Index some documents

edit

Once you have a cluster up and running, you’re ready to index some data. There are a variety of ingest options for Elasticsearch, but in the end they all do the same thing: put JSON documents into an Elasticsearch index.

You can do this directly with a simple PUT request that specifies the index you want to add the document, a unique document ID, and one or more "field": "value" pairs in the request body:

PUT /customer/_doc/1
{
  "name": "John Doe"
}

This request automatically creates the customer index if it doesn’t already exist, adds a new document that has an ID of 1, and stores and indexes the name field.

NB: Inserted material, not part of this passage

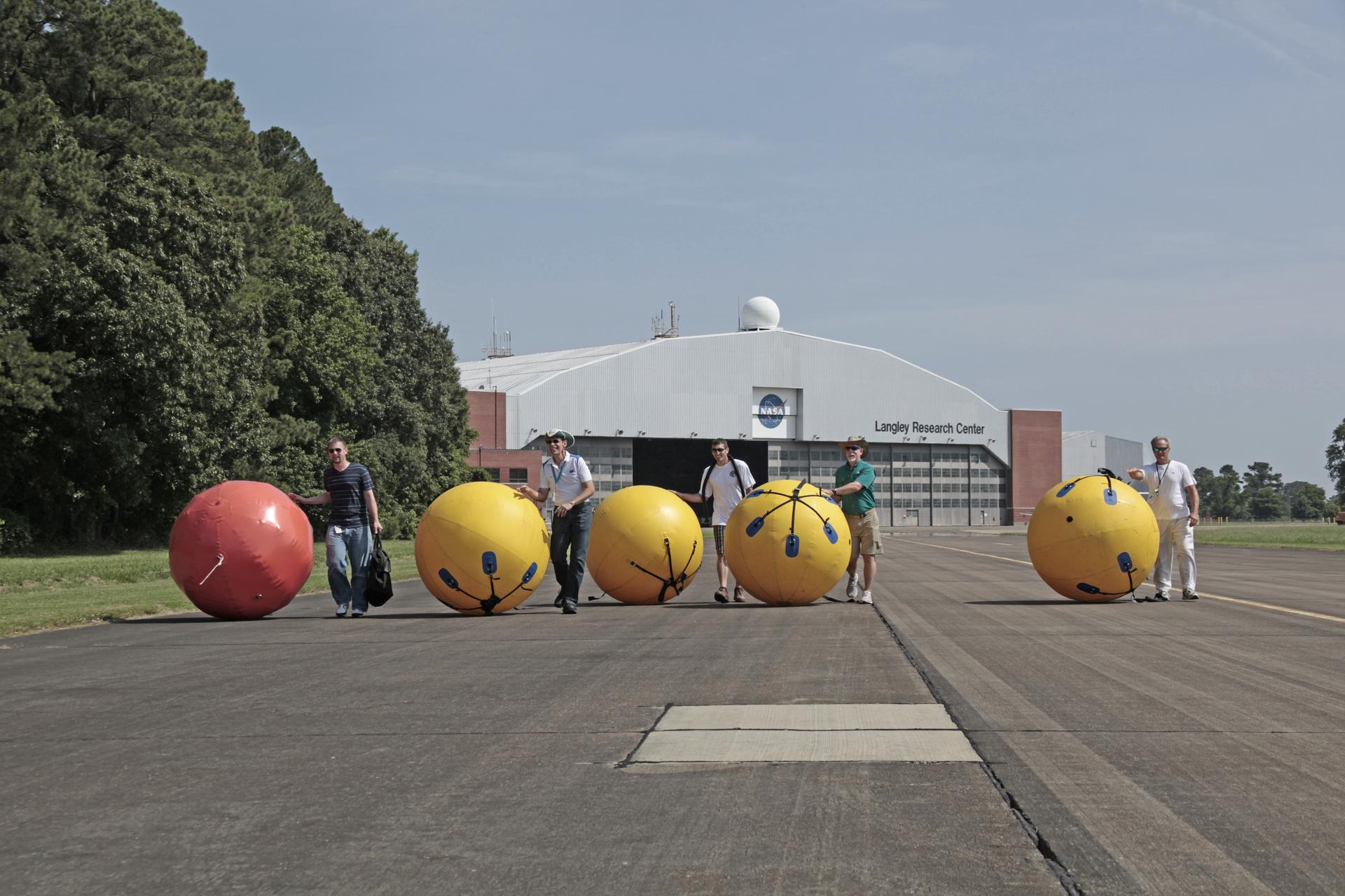 Engineers and technicians from NASA Langley Research Center in Virginia, Kennedy Space Center in Florida and Lockheed Martin in Colorado conduct a fit check on the Orion Crew Module at NASA Langley

Since this is a new document, the response shows that the result of the operation was that version 1 of the document was created:

{
  "_index" : "customer",
  "_type" : "_doc",
  "_id" : "1",
  "_version" : 1,
  "result" : "created",
  "_shards" : {
    "total" : 2,
    "successful" : 2,
    "failed" : 0
  },
  "_seq_no" : 26,
  "_primary_term" : 4
}

The new document is available immediately from any node in the cluster. You can retrieve it with a GET request that specifies its document ID:

GET /customer/_doc/1

The response indicates that a document with the specified ID was found and shows the original source fields that were indexed.

{
  "_index" : "customer",
  "_type" : "_doc",
  "_id" : "1",
  "_version" : 1,
  "_seq_no" : 26,
  "_primary_term" : 4,
  "found" : true,
  "_source" : {
    "name": "John Doe"
  }
}

Indexing documents in bulk

edit

If you have a lot of documents to index, you can submit them in batches with the bulk API. Using bulk to batch document operations is significantly faster than submitting requests individually as it minimizes network roundtrips.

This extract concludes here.